Heart Breathings

Organize & Plan Your Book Using Index Cards

October 22, 2020 by Sarra Cannon

Planning And Organization | Writing Tips

I was so excited to see that there was so much interest in me showing a more detailed view of my process of using index cards throughout my plotting and writing.

As we continue to plan and prep for National Novel Writing Month coming up in November (nanowrimo.org), I am hopeful that these behind-the-scenes Preptober videos will give you a spark of inspiration for planning and organizing your own novel ideas.
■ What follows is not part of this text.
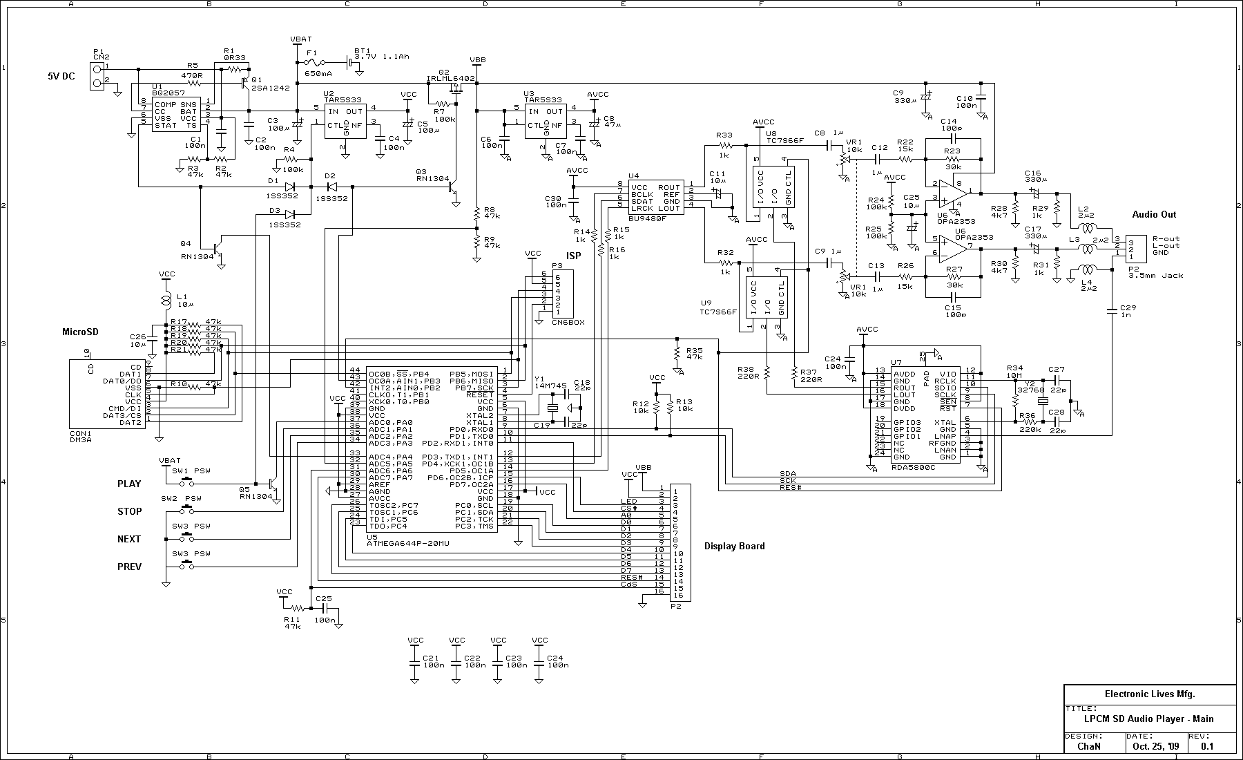 製作の動機が記録メディア置き換えなので、記録メディアを SDCに置き換えて設計すれば良いのですが、そう単純にもいきませんし、それに面白くありません。また、10年も経過するといろいろ状況が変わっています。一番困るのが部品のディスコンで、当時使用した MP3チップ・セットは既に入手困難になっています。それに代わる現在の定番品(VS11xx)は、オーディオ性能(特に SNR)があまり良くなく、静かな室内でヘッドホンで聴くには難ありなレベルです。もちろん、屋外とか車載用なら全然問題になりませんが、SNRを気にするならそれらの使用は避けたいところです。

You can watch the video on how I use index cards in my plotting and writing.

The Three-Act Structure

When I plot my novel, I personally use a traditional three-act structure. What this looks like in practice, though, is 4 major sections for the novel:

  • Act 1 (Introduction of the story question, inciting incident, cast of characters and the first doorway of no return)
  • The First Half of the Act 2 (Into the new world, tests and challenges, gathering the theme, often called “the promise of the premise”, ends with the Midpoint of the novel)
  • The Second Half of Act 2 (More tests and challenges, learning skills or gathering information needed for the final battle, ends with the second doorway of no return)
  • Act 3 (Storm the castle, the black moment, climax, and resolution. And if you’re me, the final twist/cliffhanger (dun-dun-dun).

When I’m setting up my index cards and my story grid, I’m always thinking in terms of these four sections, so even though we call it a three-act structure, I’ll refer to the story grid in these 4 separate sections.

The Index Cards

First, let’s talk about the point of using index cards.
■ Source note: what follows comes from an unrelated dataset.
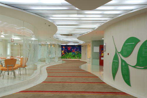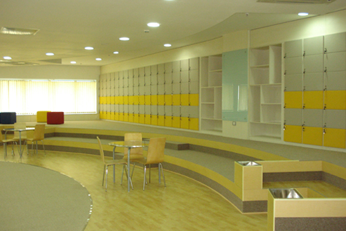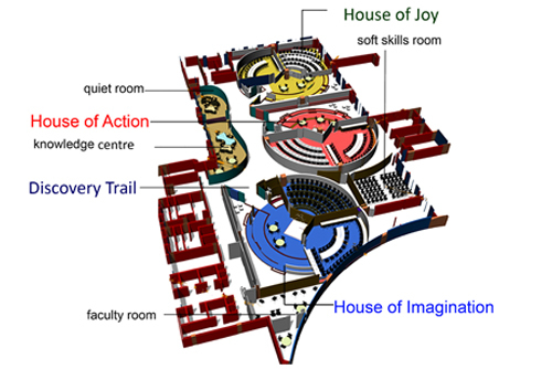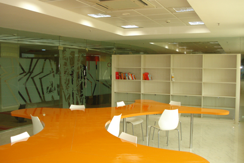 “Orchard”, is a learning centre for campus recruits at MindTree’s headquarters in Bangalore. It is designed to reflect the needs of the new generation. This generation, born after 1980, who are also known as “Millenials”, prioritize opportunity to learn over job security, and collaboration over solitary work. They have grown up being comfortable with technology, and want their work to be enjoyable. They respond to mentoring over supervision, as mentoring is oriented towards learning and is a two way communication. Therefore their training must not only cover technical issues but should also build a bond with the ethos of the company. This is done by evoking the evoking the support one gets in school from the combination of home and school. The school for Orchard is a set of training rooms that are in another floor of the same campus. Orchard builds the sense of home by dividing the 600-person centre into three 200-person “homes”. Each home is mentored by a senior MindTree manager and contains a large amphitheatre 'hang-out' and gathering space, a classroom (for classes scheduled by the house mentor) and a computer lab as a space for working, surfing, blogging and so on. A community spine, called “The Discovery Trail” links the three homes and displays information on the company. Along this trail lie the shared facilities of a knowledge centre, a room for quiet work, and a room for training in soft skills such as making presentations and interacting with clients.

The reason I love to use them is because they are usually big enough to get a good amount of information on (bigger, usually, than post it notes, for example), but they are also easy enough to stuff in your bag and carry around with you.
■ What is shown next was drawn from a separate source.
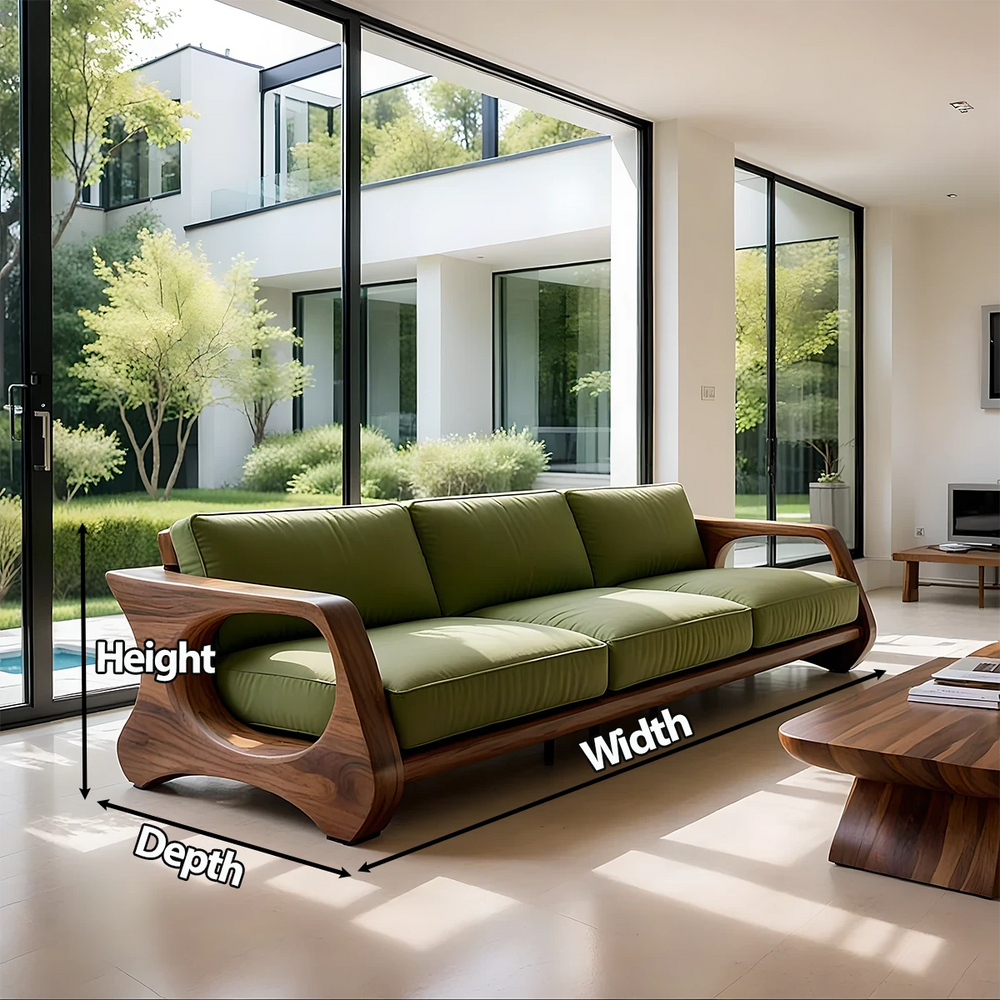 The blend of natural wood warmth and earthy green fabric brings a grounded, nature-inspired atmosphere into your living space. Whether placed by large windows or within minimal interiors, the sofa turns daily moments into a serene living ritual.

When I’m creating my index cards, I like to give each scene of the book its own card. That means, since they’re each on separate cards, that I can also move them around and try different sequences and orders. This is especially crucial when it comes to plotting my 4-plus multiple-POV stories like my Shadow Demons Saga.

Basically, these scene cards give me a detailed, birds-eye view of the entire plot, and if needed, I can take them with me wherever I go.

They also come in handy during the drafting process, because as long as I have these cards filled out, I almost never go to write feeling like I have no idea what I’m doing. (Almost, haha).

All I have to do, once the plotting and cards are filled out and organized, is sit my butt in the chair and write it out.

Sure, surprises happen and characters don’t always do what I think they’re going to, but this starting outline with scene cards has saved me so many times, that it’s become a must-do in my early writing and plotting process.

Plus, I can color code them, which is always fun.

Major Plot Points

So, this is the juicy part.

How do you actually fill all these index cards out? How do you decide what goes on them?

I go back to basics with my three-act structure. If you’ve downloaded my Plot Your Novel workbook (see below) or watched my How To Plot A Novel series of videos on YouTube, you know that I use a list of major plot points to navigate through my story.

Here’s a breakdown of those plot points by Act:


  • Opening Scene
  • Setting
  • Allies
  • The Dramatic Question
  • The Argument Against Transformation
  • Meet the Antagonist / Introduce the Mystery
  • The Stakes
  • First Doorway of No Return (Inciting Event which doesn’t have to happen here but can, and the Key Event)

ACT TWO (first half):

  • Into the new world
  • The Plan
  • Test & Challenges / Reactions
  • The First Pinch Point / Antagonist Attack
  • The Midpoint (external beat)
  • The Mirror Moment (internal beat)

ACT TWO (Second Half)

  • Reaction To Midpoint
  • New Plan
  • Hard Choices, More Tests, & Push for Goal
  • Second Pinch Point / Antagonist Attack
  • Second Doorway of No Return


  • Increased Danger/Mounting Forces
  • Final Plan
  • Storm The Castle
  • Black Moment
  • Q Factor
  • Final Battle / Climax
  • Resolution

The first step in my plotting and planning process is always to work through the character arc and then dive into these main plot points. I will start by making notes in my Plot Your Novel workbook, sketching out or brainstorming ideas of what these major plot points are.

I start with the biggest pieces first. First doorway, the midpoint, the second doorway, and the black moment/ climax of the novel.

NOTE: I also have a master set of Index Cards with each of these plot points listed, along with a brief explanation of what’s involved and why it matters. This is an essential reference tool for me, so check out today’s video to see it in use!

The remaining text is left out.